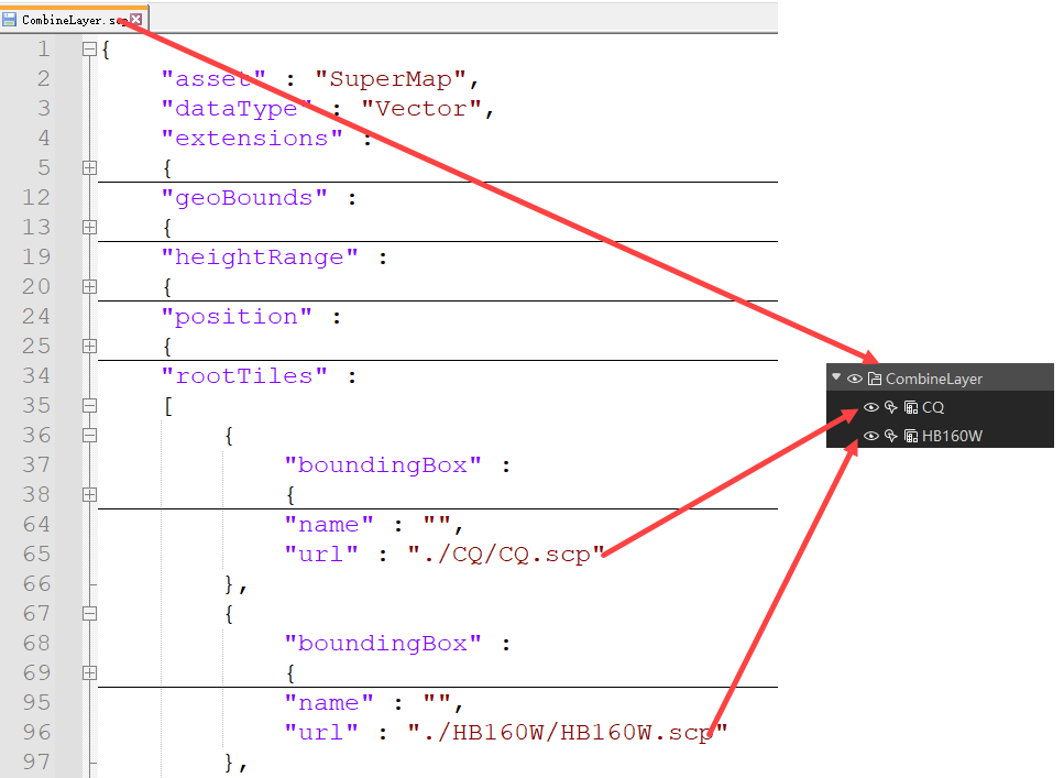 - 通过嵌套SCP加载的三维瓦片将以图层组的形式在图层管理器的普通图层结点下显示。
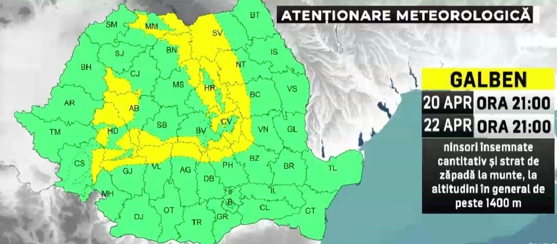 Ninsorile vor fi local, însemnate cantitativ, stratul nou de zăpadă putând atinge grosimi 10-15 centimetri, iar în Carpații Meridionali chiar 20-25 de centimetri. Iar din punct de vedere al regimului de temperatură, e o vreme mai rece decât în mod obișnuit, începând de astăzi și pe parcursul următoarelor zile, în întreaga țară vorbim de temperaturi cu 5 până la 10 grade sub ceea ce ar fi normal pentru ultima decadă a unei luni aprilie în țara noastră.
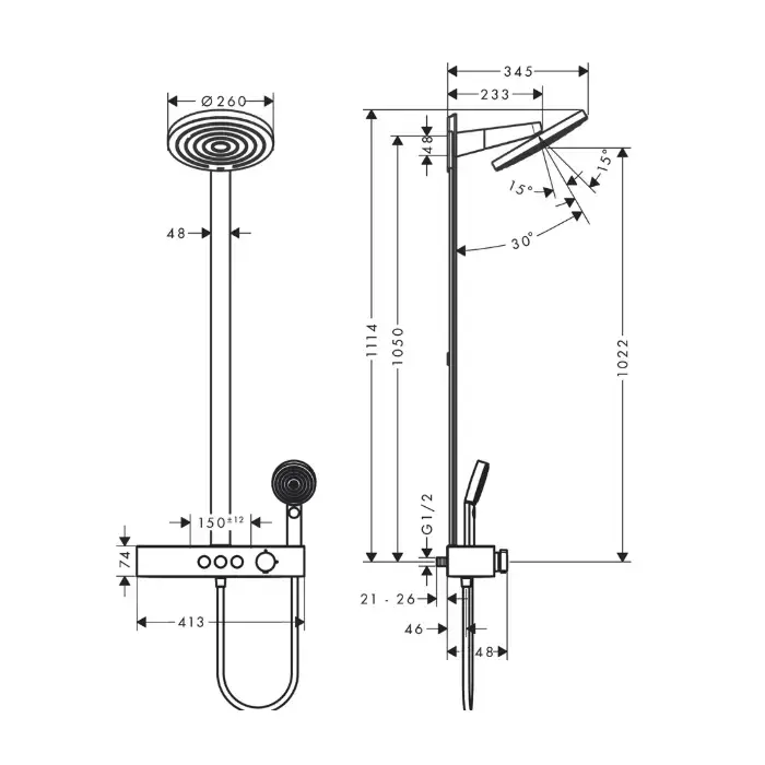 HANSGROHE PULSIFY Душевая стойка с термостатическим смесителем, верхним душем Ø260 мм с 2 режимами, ручным душем и шлангом, цвет белый матовый
******
◆ WORK REQUIRED: Could you output the entire listing verbatim while omitting its pictures?

◆ OUTPUT:
 - 通过嵌套SCP加载的三维瓦片将以图层组的形式在图层管理器的普通图层结点下显示。
 Ninsorile vor fi local, însemnate cantitativ, stratul nou de zăpadă putând atinge grosimi 10-15 centimetri, iar în Carpații Meridionali chiar 20-25 de centimetri. Iar din punct de vedere al regimului de temperatură, e o vreme mai rece decât în mod obișnuit, începând de astăzi și pe parcursul următoarelor zile, în întreaga țară vorbim de temperaturi cu 5 până la 10 grade sub ceea ce ar fi normal pentru ultima decadă a unei luni aprilie în țara noastră.
 HANSGROHE PULSIFY Душевая стойка с термостатическим смесителем, верхним душем Ø260 мм с 2 режимами, ручным душем и шлангом, цвет белый матовый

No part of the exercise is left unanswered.